Opening Call: The Australian share market is to open higher.
U.S. stocks ended lower as bond yields hit two-year high. The yield on the 10-year Treasury note was at 1.87%, compared with 1.77% on Friday. The WSJ Dollar Index rose 0.41% to 89.63. Oil futures rose to their highest since 2014 after an Abu Dhabi oil facility was attacked. And gold futures ended lower for a third session, pressured by firmer dollar and rising yields.
Australia’s S&P/ASX 200 index closed 0.3% higher, overcoming weakness in mining stocks, to claw back some of the prior week’s losses. Retail, energy and tech sectors led the gains. The heavyweight materials sector was the biggest loser, dropping 1.0% on weakness from gold and iron-ore miners.
U.S. stock indexes fell and bond yields hit two-year highs as investors fretted over whether the Federal Reserve will raise interest rates more quickly and aggressively than expected. Investors, coming off a holiday weekend that had closed markets on Monday, sold stocks and bonds across the board. All three indexes fell, with the S&P 500 sliding 1.8% and the Dow Jones Industrial Average shedding 1.5%. The Nasdaq Composite Index retreated 2.6%, leaving it close to entering a correction, or a drawdown of 10% or more, from a recent closing high.
“Markets are still trying to find a level for rate increases. It was only in October the market was expecting one rate hike for 2022 and now it’s expecting four,” said Edward Park, chief investment officer at U.K. investment firm Brooks Macdonald. “That’s reflecting the level of uncertainty we have in the market right now about the path of Fed policy.” Several financial companies have reported results showing profits have begun to ebb following a year in which many benefited from the tumultuous pandemic economy. Goldman Sachs was the latest to report, showing a decline in fourth-quarter profits, sending shares down 7% and acting as a major drag on the price-weighted Dow.
Gold prices ended lower, giving up early gains that followed downbeat U.S. economic data and an overall decline in global stock markets. The precious metal posted a third straight decline as Treasury yields rose to levels not seen since 2020 and the dollar strengthened.
February gold declined by 0.2% to settle at $1,812.40 an ounce after trading as high as $1,822.40. The precious metal posted declines on Thursday and Friday, before Monday’s Martin Luther King, Jr. holiday, but still scored a 1.1% advance last week. Investing in gold in recent weeks has closely followed concerns about inflation and moves in the U.S. dollar, which the commodity has been pricing in.
Crude-oil prices climbed to levels not seen since 2014, with geopolitical tensions in focus after an attack on an Abu Dhabi oil facility. Goldman Sachs warned that “surprisingly large” supply deficits could see Brent prices top $100 a barrel next year.
West Texas Intermediate crude for February rose 1.3% to $85.79 a barrel on the New York Mercantile Exchange, following a 6.2% gain last week, its fourth weekly rise in a row, according to Dow Jones Market Data. March Brent crude, the global benchmark, added 0.8% to trade at $87.20 a barrel on ICE Futures Europe, after last week’s 5.3% weekly advance.
Iran-backed Houthi rebels from Yemen claimed responsibility for the attack on the oil facility in Abu Dhabi that killed three people on Monday and caused a fire at the capital of United Arab Emirates’s international airport. Goldman Sachs rolled out higher oil price forecasts, setting a 2023 Brent spot target of $105 a barrel in 2023, with 2022 headed for $96 a barrel, it said.
Major currencies were mostly weaker against the US dollar in European and US trade. The Euro fell from highs near US$1.1404 to lows near US$1.1312 and was near US$1.1320 at the US close.
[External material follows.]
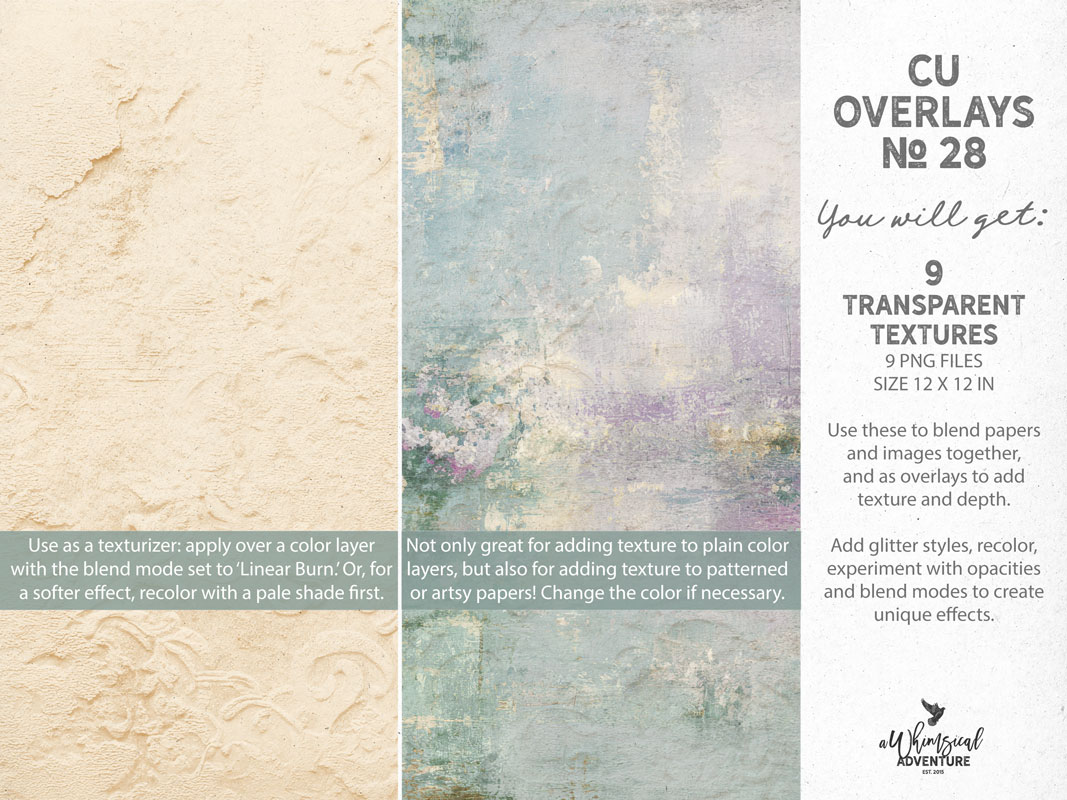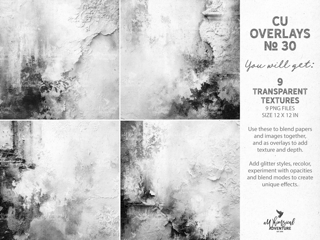 CU Overlays No 31 Distressed Surfaces: 9 PNG files, 12 x 12 in

The Aussie dollar dipped from highs near US72.04 cents to lows near US71.68 cents and was near US71.80 cents at the US close. But the Japanese yen firmed from near 114.95 yen per US dollar to
JPY114.46 and was near JPY114.60 at the US close.
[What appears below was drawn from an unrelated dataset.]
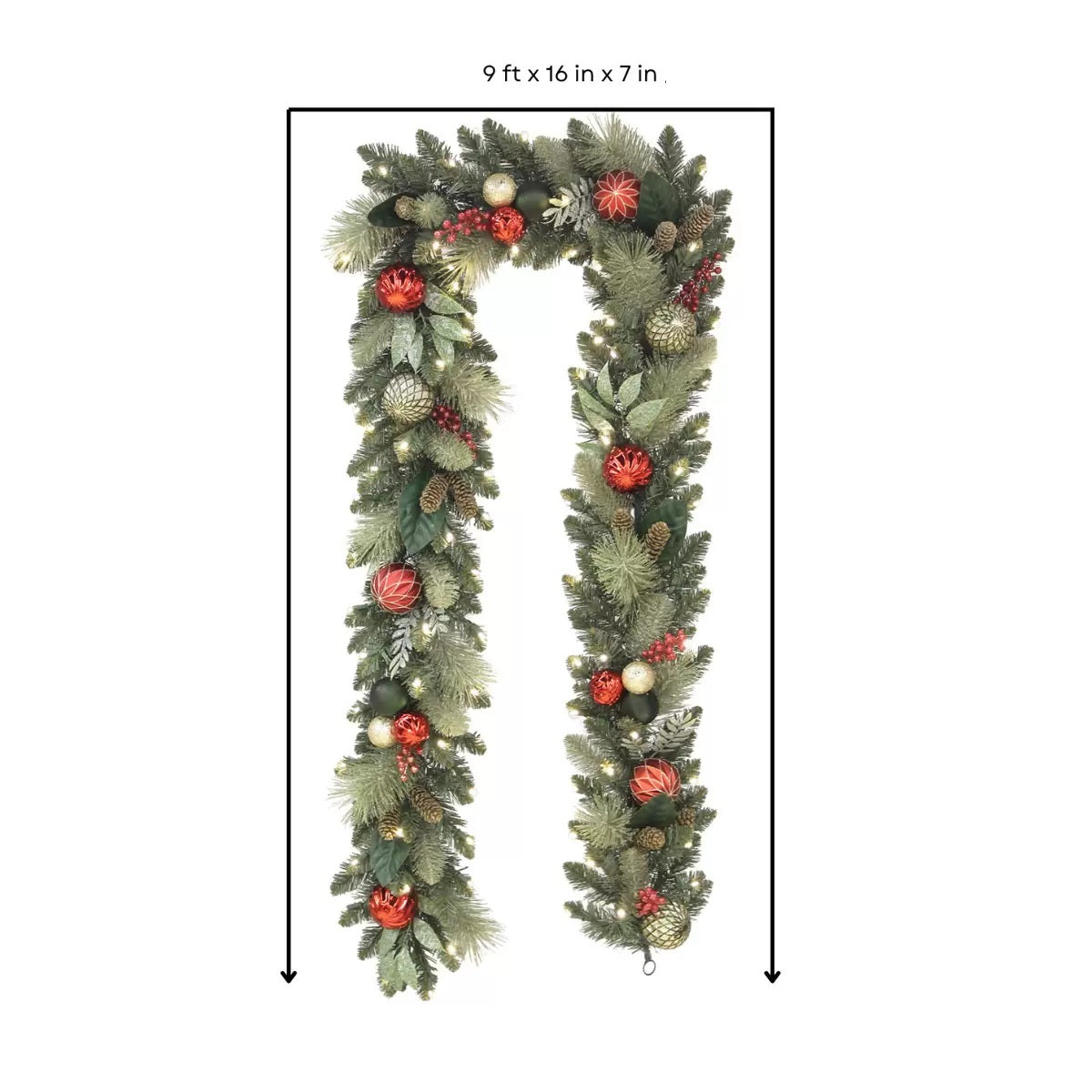 - Pre-Lit 9-FT Faux Garland decorated with red and gold accents

European sharemarkets closed lower on Tuesday. The panEuropean STOXX 600 index shed 1%, with technology stocks dropping 2.2%. The German Dax index also slid 1%, despite the German ZEW economic sentiment index lifting from 29.9 to 51.7 in January (survey: 32). The UK FTSE index dipped by 0.6%. In London trade, shares in Rio Tinto (+0.9%) and BHP (+0.1%) both lifted.
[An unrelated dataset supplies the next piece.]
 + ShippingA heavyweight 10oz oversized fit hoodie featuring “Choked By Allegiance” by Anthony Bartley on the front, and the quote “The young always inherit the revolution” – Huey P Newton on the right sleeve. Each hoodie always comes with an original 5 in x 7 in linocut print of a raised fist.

The Nikkei Stock Average closed 0.3% lower, dragged by steel and auto stocks amid continued concerns about potential Federal Reserve rate increases. Chinese shares ended mixed, with gains from coal companies and declines among renewables. Coal stocks got a boost from rising prices of the fuel, Daiwa Capital Markets said. It expects coal companies’ earnings to stay resilient in the first quarter as prices stabilize. The benchmark Shanghai Composite Index ended 0.8% higher. The Shenzhen Composite Index and ChiNext Price Index both closed lower, down 0.3% and 0.8%, respectively.